Exercise instructions: The answer must consist solely of the lines from the one with "Khaki Green Cropped Utility Chino Trousers" through the last line of the data, copied exactly, with no pictures.

Available records:
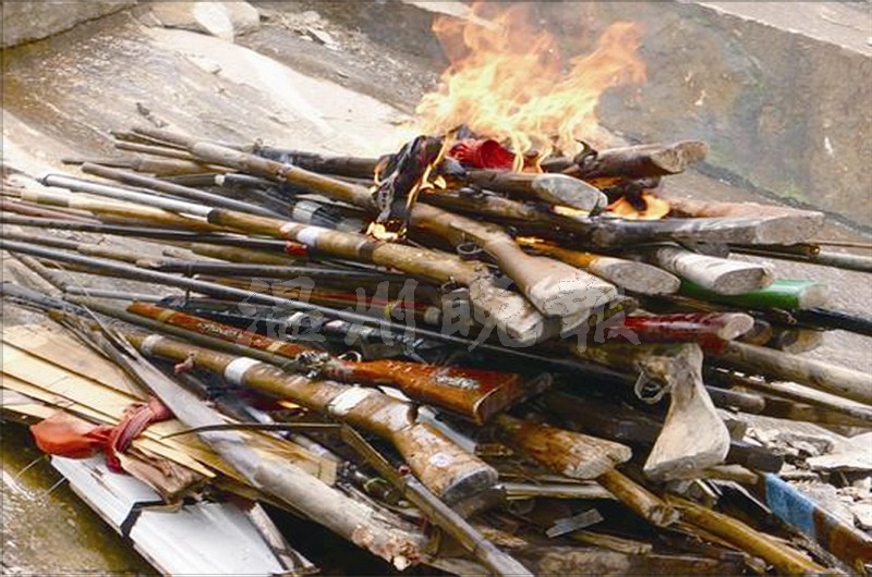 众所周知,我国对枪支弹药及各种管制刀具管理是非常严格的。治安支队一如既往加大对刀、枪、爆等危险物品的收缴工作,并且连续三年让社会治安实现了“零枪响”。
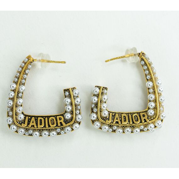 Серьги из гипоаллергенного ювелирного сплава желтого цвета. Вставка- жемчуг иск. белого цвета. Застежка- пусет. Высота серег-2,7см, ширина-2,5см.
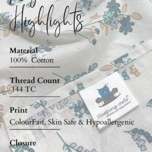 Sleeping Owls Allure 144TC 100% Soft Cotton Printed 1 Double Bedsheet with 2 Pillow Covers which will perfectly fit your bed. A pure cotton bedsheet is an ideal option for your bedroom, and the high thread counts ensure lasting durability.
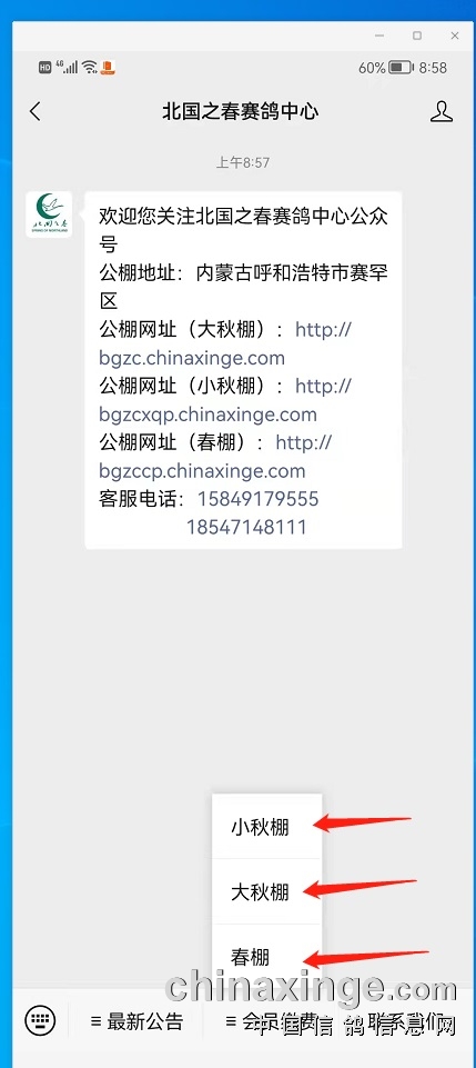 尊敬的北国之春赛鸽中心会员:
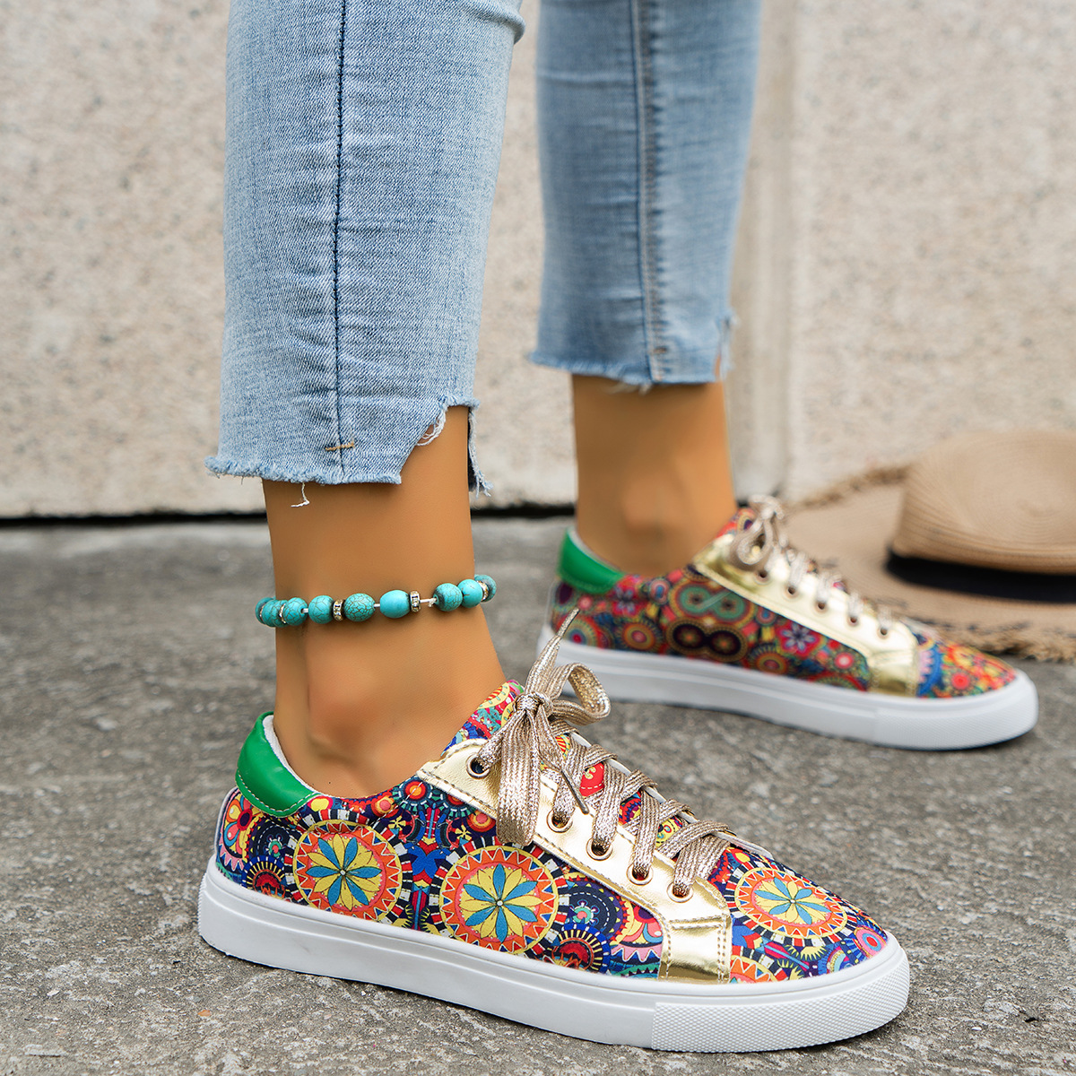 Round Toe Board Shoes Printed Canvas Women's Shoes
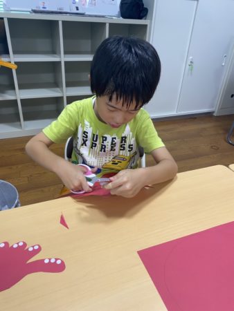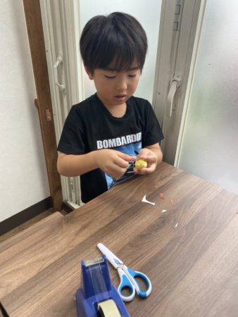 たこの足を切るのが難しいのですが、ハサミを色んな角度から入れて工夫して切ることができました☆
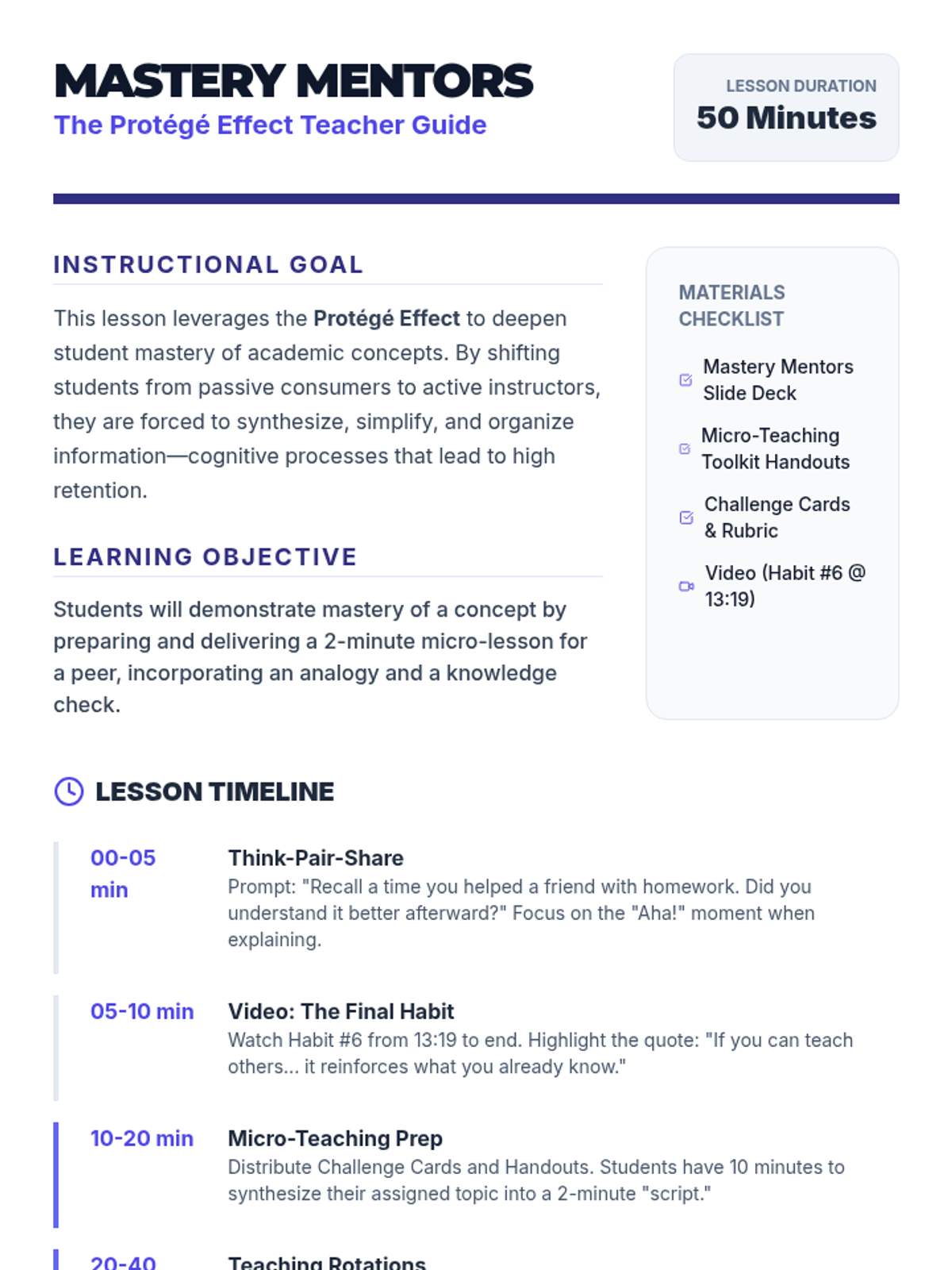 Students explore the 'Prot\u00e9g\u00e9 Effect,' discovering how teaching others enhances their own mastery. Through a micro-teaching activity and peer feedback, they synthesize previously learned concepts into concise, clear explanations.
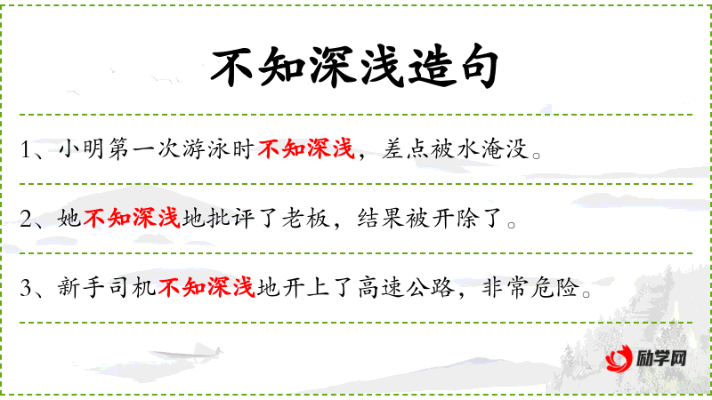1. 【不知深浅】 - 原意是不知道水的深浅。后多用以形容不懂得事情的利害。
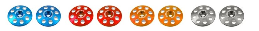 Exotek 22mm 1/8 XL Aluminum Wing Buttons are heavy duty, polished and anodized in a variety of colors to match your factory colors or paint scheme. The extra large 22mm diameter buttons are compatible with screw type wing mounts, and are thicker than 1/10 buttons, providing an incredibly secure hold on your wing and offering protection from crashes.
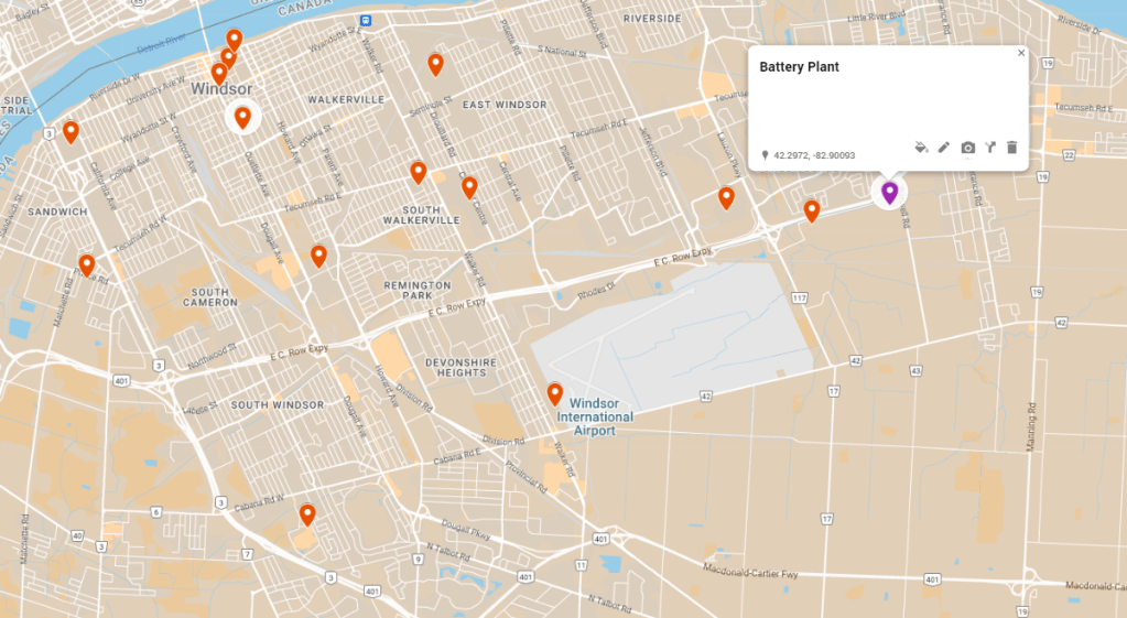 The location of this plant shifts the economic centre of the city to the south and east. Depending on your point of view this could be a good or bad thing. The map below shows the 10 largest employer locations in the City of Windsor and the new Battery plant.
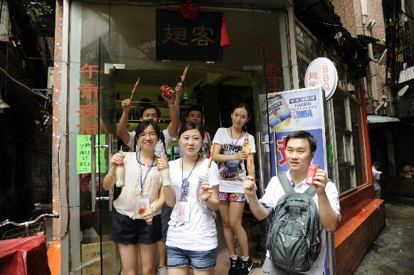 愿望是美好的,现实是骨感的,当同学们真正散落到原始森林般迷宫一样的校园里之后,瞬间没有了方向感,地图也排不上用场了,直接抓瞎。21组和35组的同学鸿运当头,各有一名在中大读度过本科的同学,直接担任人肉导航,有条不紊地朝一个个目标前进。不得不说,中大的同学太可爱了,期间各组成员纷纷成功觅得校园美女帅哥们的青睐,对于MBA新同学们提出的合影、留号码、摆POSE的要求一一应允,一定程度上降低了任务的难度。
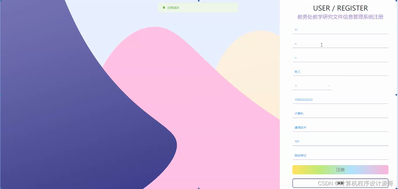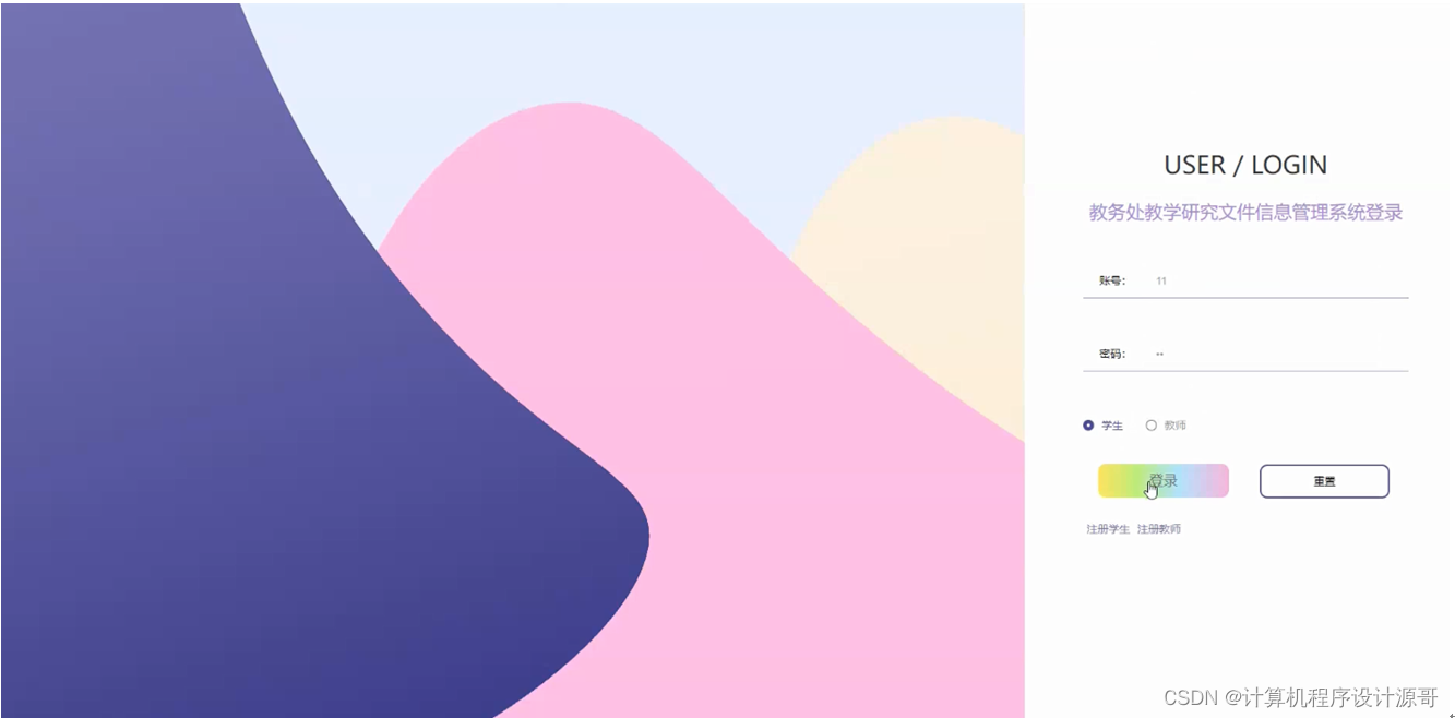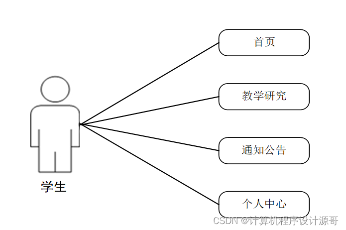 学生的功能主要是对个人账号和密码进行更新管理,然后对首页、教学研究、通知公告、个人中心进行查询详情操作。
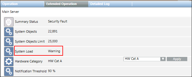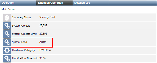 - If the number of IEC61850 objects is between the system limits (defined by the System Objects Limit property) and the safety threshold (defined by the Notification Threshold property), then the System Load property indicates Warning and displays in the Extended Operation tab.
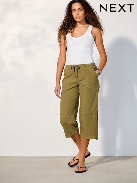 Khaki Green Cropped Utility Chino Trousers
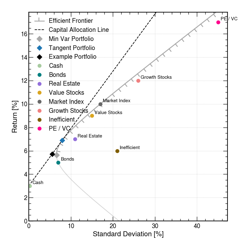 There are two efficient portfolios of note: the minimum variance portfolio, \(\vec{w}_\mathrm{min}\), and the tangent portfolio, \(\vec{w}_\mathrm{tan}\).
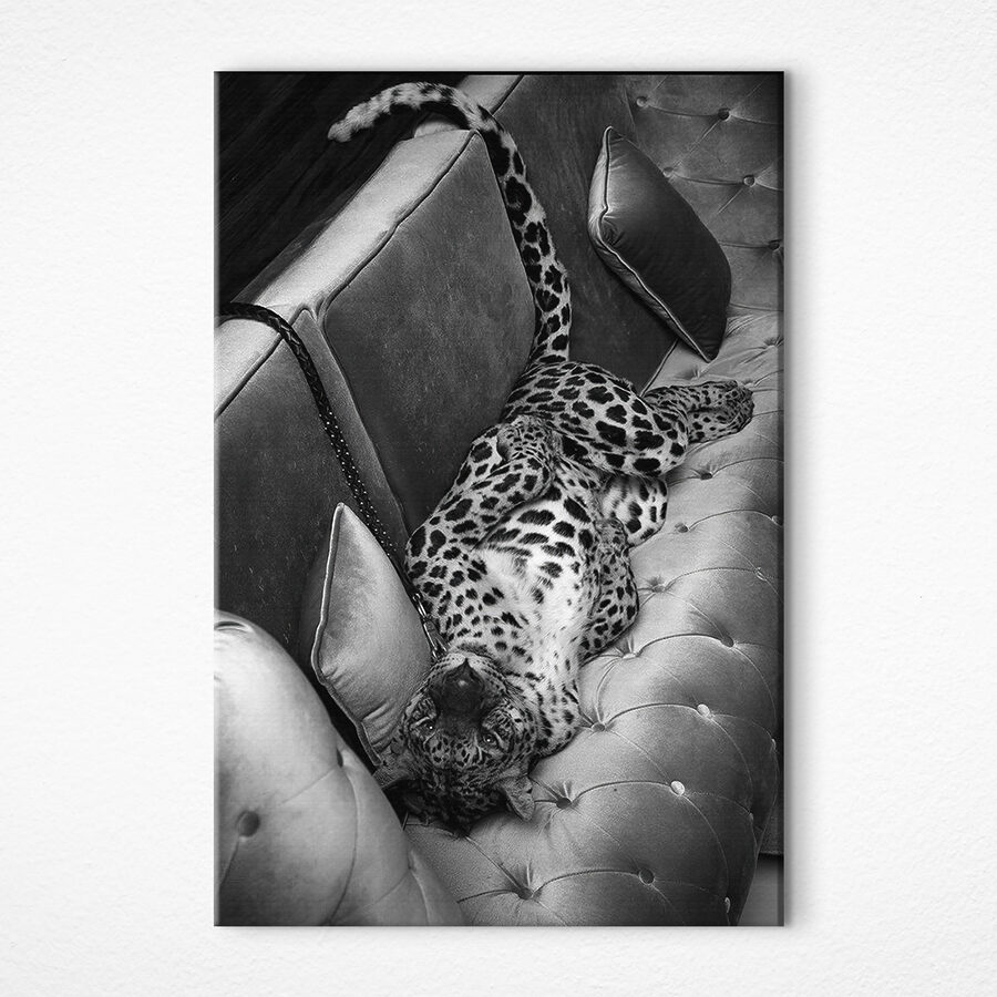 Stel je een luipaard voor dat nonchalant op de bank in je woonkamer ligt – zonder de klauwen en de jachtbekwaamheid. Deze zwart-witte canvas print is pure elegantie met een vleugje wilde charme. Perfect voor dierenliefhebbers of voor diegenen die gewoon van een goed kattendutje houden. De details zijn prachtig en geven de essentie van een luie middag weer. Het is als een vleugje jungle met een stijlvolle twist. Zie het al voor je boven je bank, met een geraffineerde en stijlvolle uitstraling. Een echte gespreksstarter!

Solution:
 Khaki Green Cropped Utility Chino Trousers
 There are two efficient portfolios of note: the minimum variance portfolio, \(\vec{w}_\mathrm{min}\), and the tangent portfolio, \(\vec{w}_\mathrm{tan}\).
 Stel je een luipaard voor dat nonchalant op de bank in je woonkamer ligt – zonder de klauwen en de jachtbekwaamheid. Deze zwart-witte canvas print is pure elegantie met een vleugje wilde charme. Perfect voor dierenliefhebbers of voor diegenen die gewoon van een goed kattendutje houden. De details zijn prachtig en geven de essentie van een luie middag weer. Het is als een vleugje jungle met een stijlvolle twist. Zie het al voor je boven je bank, met een geraffineerde en stijlvolle uitstraling. Een echte gespreksstarter!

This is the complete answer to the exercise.